“Chegava de manhã para ver os doentes e saber como eles estavam e respondiam-me que já se tinham conseguido levantar sozinhos”, conta Nadir Arber, sobre os doentes Covid-19 que entraram na primeira fase de um ensaio clínico com um novo medicamento. “Os doentes diziam-me que ao fim de um ou dois dias já conseguiam respirar”, continua o médico, alertando, no entanto, que isto são apenas relatos de sintomas subjetivos e que ainda não foi conduzido nenhum ensaio clínico para verificar eficácia. Mas está otimista, confessa.
O relato do médico do Hospital Ichilov, em Telavive (Israel), foi feito esta quarta-feira durante uma conferência de imprensa online. A primeira fase do ensaio clínico com o novo fármaco está praticamente concluída: o último doente, de 35, completou o esquema de tratamento de cinco dias. Agora, como aos restantes, é ver como está ao sétimo e ao 35.º dia e os investigadores estarão prontos para publicar numa revista científica esta primeira etapa.
Por agora, o que Nadir Arber e Shiran Shapira, ambos investigadores no Centro Integrado de Prevenção do Cancro do Hospital Ichilov, podem dizer é que este tratamento é seguro e os doentes que participaram no ensaio não apresentaram efeitos secundários. O que Arber já esperava, visto tratar-se de uma nanotecnologia, usada em baixa concentração, não ter produtos tóxicos, nem componentes que despertem o sistema imunitário. Além disso, o fármaco já se tinha demonstrado seguro no ensaio pré-clínico, com ratos de laboratório.
O que tem este fármaco de tão diferente?
Nadir Arber começa por dizer que esta solução foi criada de raiz para o tratamento de doentes Covid-19, ao contrário de outros medicamentos que foram criados com outros fins e que agora se testa a sua eficácia na doença causada pelo SARS-CoV-2. No entanto, a tecnologia, caso se mostre eficaz, poderá ser usada noutras doenças em que se verifique uma resposta exacerbada do sistema imunitário.
Como explica o investigador, este fármaco não elimina o vírus nem resolve a infeção, mas traz alívio a uma consequência grave da doença: a dificuldade em respirar, causada pela tempestade de citocinas, que estimula de forma exagerada a resposta imunitária e pode provocar lesões graves nos órgãos, nomeadamente nos pulmões. O fármaco é adequado para os doentes com sintomas graves, mas não tão graves que tenham de estar nos cuidados intensivos.
O fármaco é composto por exossomas (nanobolsas, usadas como sistema de comunicação entre as células) enriquecidos com a proteína CD24, que são administrados através de um inalador (semelhante aos aerossóis que os doentes asmáticos usam), diariamente durante cinco dias, demorando cada inalação três ou quatro minutos. Como o produto entra diretamente nos pulmões, onde é necessário, a resposta é mais rápida e com menos efeitos colaterais, diz o médico.

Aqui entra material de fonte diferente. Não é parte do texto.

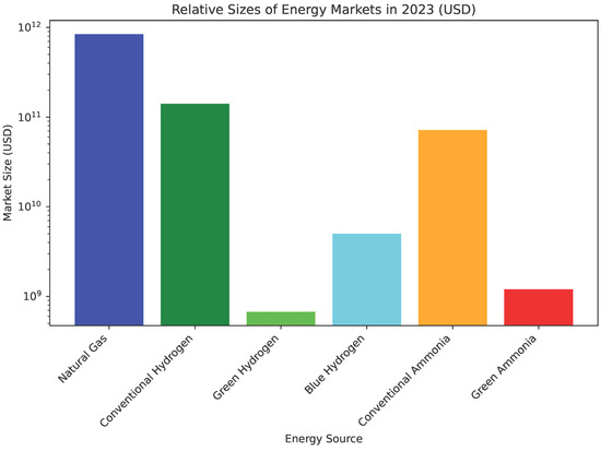21]. The primary demand driver is also the agricultural sector, where ammonia is a main ingredient in fertilizers and various industrial applications. The global ammonia market’s supply is dominated by regions with abundant natural gas resources, such as Russia, the Middle East, and the US. The conventional production process is highly energy-intensive and natural-gas-dependent (see

A CD24 é uma proteína pequena que existe, normalmente, na superfície dos linfócitos B (uma das células do sistema imunitário) e é responsável por controlar a produção de linfócitos T (outro tipo de células imunitárias). Os ensaios clínicos com CD24 noutras doenças mostrou o potencial para atuar como inibidor da atividade inflamatória (resultado da resposta imune).
Dito de outra forma, os exossomas são como camiões das obras que transportam as proteínas CD24 que funcionam como barreiras de betão e impedem a passagem por aquela via — neste caso, impedem a passagem dos estímulos que aumentam a resposta imunitária.
Um fármaco barato, de produção rápida, que pode ser usado em casa
Outra das vantagens destacadas por Nadir Arber é que é fácil de produzir a baixo custo e que em poucos meses pode ser fabricado em quantidade suficiente para servir todo o mundo. Se a investigação e produção decorrer ao ritmo que os investigadores desejam, o fármaco poderá vir a ser usado ainda este ano.
Claro que, até lá, é preciso ultrapassar outras etapas, como as próximas fases dos ensaios clínicos, neste momento dependentes do apoio de governos, empresas farmacêuticas ou outros financiadores. Antes de conseguir comparar o tratamento com um placebo, Arber não pode afirmar que o fármaco é eficaz, mas se o conseguir fazer, assume que será possível tentar obter aprovações de emergência junto das autoridades reguladoras dos países interessados.
Nos próximos ensaios clínicos, a equipa de investigadores espera poder usar este fármaco nos doentes antes de eles serem sujeitos a outro tipo de tratamentos, usados atualmente, para tentar perceber se o efeito se deve realmente às partículas inaladas. O grande objetivo de Nadir Arber era que o fármaco pudesse ser facilmente usado nos centros de saúde ou em casa, evitando que o doente tivesse de ser internado com problemas respiratórios.